2007-03-19

Die Zeit, die Zeit, das teuflische Kind

Zeit ist etwas, wovon mensch immer und grundsätzlich zu den falschen Zeiten zu wenig hat. Ich verbringe gerade einen Großteil davon, in meinem neuen Zimmer Schaumstofftapete und das dahinter klebende Papier der Reihe nach abzurupfen. Scheiß Arbeit das, geht nämlich nur langsam voran. Vorteil von dit Janze is aba, dass ick ma wieda Zeit zum Nachdenken haben tu.
Unter anderem darüber, wie sich das denn mit dem Indie-Begriff so verhält. Angeregt durch den Indie-Test des Herrn Grau sowie darauf folgenden Kommentar des Fräulein Anne widmete ich mich abermals dieser heißen Frage: Was ist Indie?.
Gestern morgen las ich die ersten Kommentare zum Peter-Alexa-Post bei spreeblick. Regte mich auf über die Menschen, die nicht den Eindruck erwecken, als würden sie auch nur eine Sekunde über das nachdenken, was Alexa angesprochen hat. Dass es in den 1960er Jahren in der BRD ein weitreichendes Wahrnehmen von fehlender geschichtlicher Aufarbeitung, ungerechtfertigter Außenpolitik der westlichen Nationen gab und dem Wunsch, den Statuten der jungen Republik endlich gerecht zu werden. Dass daraus eine Handvoll Menschen sich erhoben haben und den entscheidenden Schritt weiter gegangen sind, der für viele eine Grenzüberschreitung darstellt. Ein Schritt, der von Menschen gegangen wurde, die in der Runde der Unzufriedenen gelebt haben. Deren Unzufriedenheit und der folgenden extremen Handlungen sich aus den gleichen gesellschaftlichen Missständen generiert. Wenn es in der aktuellen Debatte rund um Klars Gnadengesuch heißt, die RAF seien "spinnerte Terroristen. Basta!", dann gibt es kein Interesse an einer differenzierten Aufarbeitung der Beweggründe von Baader, Meinhof und Co.
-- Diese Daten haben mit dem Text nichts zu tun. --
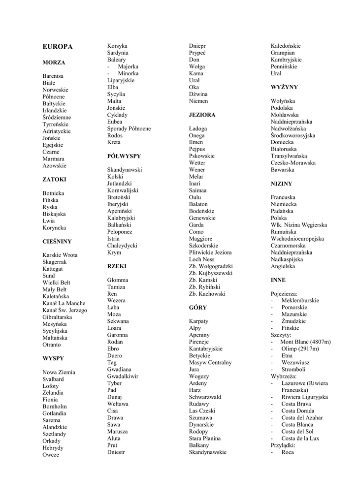 EUROPA MORZA Barentsa Białe Norweskie Północne Bałtyckie Irlandzkie Śródziemne Tyrreńskie Adriatyckie Jońskie Egejskie Czarne Marmara Azowskie ZATOKI Botnicka Fińska Ryska Biskajska Lwia Koryncka CIEŚNINY Karskie Wrota Skagerrak Kattegat Sund Wielki Bełt Mały Bełt Kaletańska Kanał La Manche Kanał Św. Jerzego Gibraltarska Mesyńska Sycylijska Maltańska Otranto WYSPY Nowa Ziemia Svalbard Lofoty Zelandia Fionia Bornholm Gotlandia Sarema Alandzkie Szetlandy Orkady Hebrydy Owcze Korsyka Sardynia Baleary - Majorka - Minorka Liparyjskie Elba Sycylia Malta Jońskie Cyklady Eubea Sporady Północne Rodos Kreta PÓŁWYSPY Skandynawski Kolski Jutlandzki Kornwalijski Bretoński Iberyjski Apeniński Kalabryjski Bałkański Peloponez Istria Chalcydycki Krym RZEKI Glomma Tamiza Ren Wezera Łaba Moza Sekwana Loara Garonna Rodan Ebro Duero Tag Gwadiana Gwadalkiwir Tyber Pad Dunaj Wełtawa Cisa Drawa Sawa Marusza Aluta Prut Dniestr Dniepr Prypeć Don Wołga Kama Ural Oka Dźwina Niemen JEZIORA Ładoga Onega Ilmen Pejpus Pskowskie Wetter Wener Melar Inari Saimaa Oulu Balaton Bodeńskie Genewskie Garda Como Maggiore Szkoderskie Plitwickie Jeziora Loch Ness Zb. Wołgogradzki Zb. Kujbyszewski Zb. Kamski Zb. Rybiński Zb. Kachowski GÓRY Karpaty Alpy Apeniny Pireneje Kantabryjskie Betyckie Masyw Centralny Jura Wogezy Ardeny Harz Schwarzwald Rudawy Las Czeski Szumawa Dynarskie Rodopy Stara Płanina Bałkany Skandynawskie Kaledońskie Grampian Kambryjskie Pennińskie Ural WYŻYNY Wołyńska Podolska Mołdawska Naddnieprzańska Nadwołżańska Środkoworosyjska Doniecka Białoruska Transylwańska Czesko-Morawska Bawarska NIZINY Francuska Niemiecka Padańska Polska Wlk. Nizina Węgierska Rumuńska Wschodnioeuropejska Czarnomorska Naddnieprzańska Nadkaspijska Angielska INNE Pojezierza: - Meklemburskie - Pomorskie - Mazurskie - Żmudzkie - Fińskie Szczyty: - Mont Blanc (4807m) - Olimp (2917m) - Etna - Wezuwiusz - Stromboli Wybrzeża: - Lazurowe (Riwiera Francuska) - Riwiera Liguryjska - Costa Brava - Costa Dorada - Costa del Azahar - Costa Blanca - Costa del Sol - Costa de la Lux Przylądki: - Roca - Nordkapp (Półn.) Matapan MIASTA Kłajpeda Kowno Troki Druskienniki Grodno Lwów Kamieniec Podolski Stanisławów Odessa Jałta Królewiec Sankt Petersburg Katyń Brno Ołomuniec Karlowe Vary Mariańskie Łaźnie Franciszkowe Łaźnie Poprad Bardejów Eger Tokaj Debreczyn Konstanca Braszów Jassy Warna Złote Piaski Delfy Saloniki Korynt Postojna Prisztina Medjugorje Dubrownik Rijeka Split Genua Turyn Mediolan Werona Wenecja Triest Padwa Bolonia Florencja Piza Loretto Asyż Cassino Neapol Mesyna Palermo Toledo Barcelona Kordoba Grenada Sewilla Santiago de Compostela Fatima Le Mont-Saint-Michel Verdun Lyon Marsylia Lozanna Carcassone Nicea Cannes La Salette (k. Grenoble) Lourdes Strasburg Zurych Lucerna Lozanna Salzburg Innsbruck Graz Hamburg Monachium Dachau Akwizgran Ulm Drezno Lipsk Kolonia Rotterdam Antwerpia Arnhem Belfast Glasgow Birmingham Manchester Edynburg York Narwik PAŃSTWA STOLICE

Ohne Aufarbeitung sind auch keine sinnvollen Parallelen zu unserer heutigen Lebenssituation zu ziehen. Und die Wahrscheinlichkeit ist da, dass es wieder Menschen aus "unserer Mitte" geben wird, die zu extremen Mitteln greifen, um ihrem Unmut Ausdruck zu verleihen. Und die Verwunderung derer, die alle extrem Handelnden als Unmenschen abtun, die mit uns braven, demokratischen Bürgern nichts mehr gemein haben, wird wieder umso größer sein.
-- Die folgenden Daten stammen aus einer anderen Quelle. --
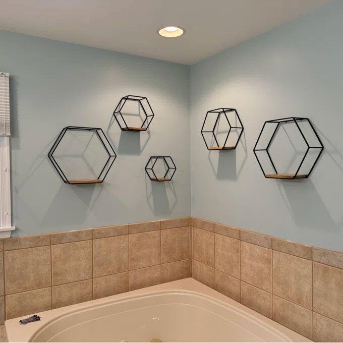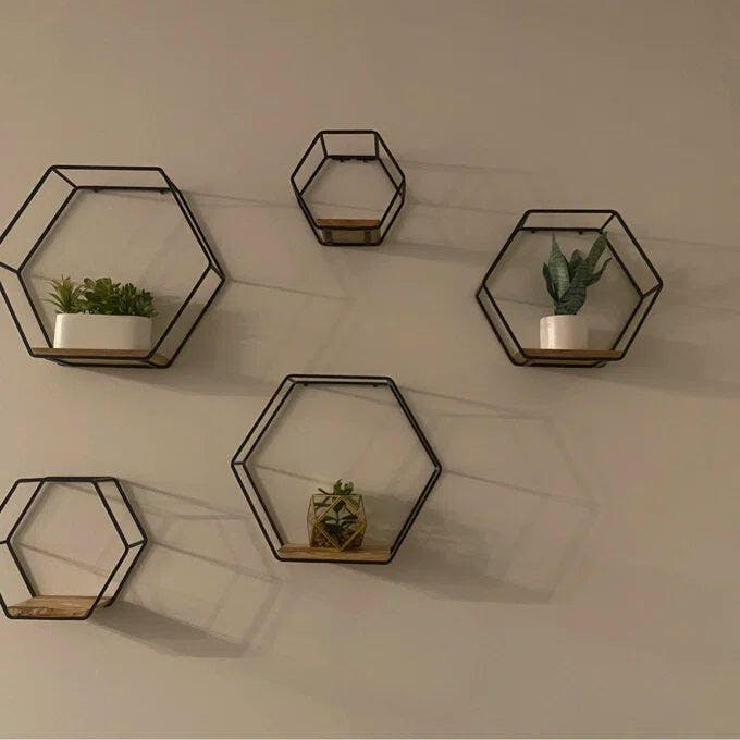 Set of 5 hexagonal shelves offer a stylish and functional solution for modern spaces. Crafted using powder-coated metal and solid wood, the shelves features sleek frame and a sturdy plank. Arrange the shelves together in a set or hang separately. Ideal for displaying plants, books, or decor objects, this shelving unit blends craftsmanship with contemporary beauty.

Ich geh jetzt mal weiter Tapete abrupfen.

2 Kommentare:

Anonym hat gesagt…

Auch für "Mach kaputt, was Dich kaputt macht" braucht es eben Kraft und Mut und Aufbegehren, Reflexion und Ehrlichkeit.
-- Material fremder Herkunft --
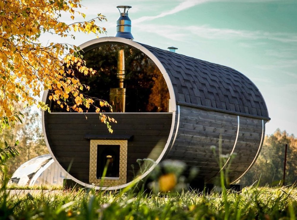 Баня-бочка «Орео» с боковым входом и панорамным окном Стильная и современная баня-бочка с боковым входом может быть выполнена длиною от 4 метров, что-бы было два отделения (парилка и комната отдыха). Полок может быть, как с двух сторон, так и угловой, в стандарте одноуровневый. Печь в данной модели расположена сбоку с топкой наружу, либо внутрь парилки. Печь можно укомплектовать баком для воды, а саму баню сделать длиною до 6 метров, комфортно разместив в ней дополнительно помывочную. В эту модель включено два закаленных стеклопакета: круглое и полукруг, которые мы можем разместить на ваше усмотрение в парилке и комнате отдыха. Обращаем Ваше внимание, по умолчанию в данной модели отсутствует бак для воды, вместо него идёт утеплённая термо-труба, которую можно заменить на бак по желанию.

Mr. Indie-Test-Nachgefragt

IMpressum hat gesagt…

Interessant finde ich, daß Spreeblick kein Problem mit dem durch den Alexa-Text verwirkten §140 STGB hat, dafür aber massive Probleme bis hin zum Diskussionsausschluß mit mir. Und dabei habe ich nur als NPD-Wähler darauf hingewiesen, daß es sich bei der RAF-Diskussion um eine innerbürgerliche handelt zwischen 68er-Illusionisten und Turbokapitalisten. Mein These mag ja falsch sein, der Ausschluß von der Diskussion könnte aber darauf hindeuten, daß hier die Wahrheit zu finden ist.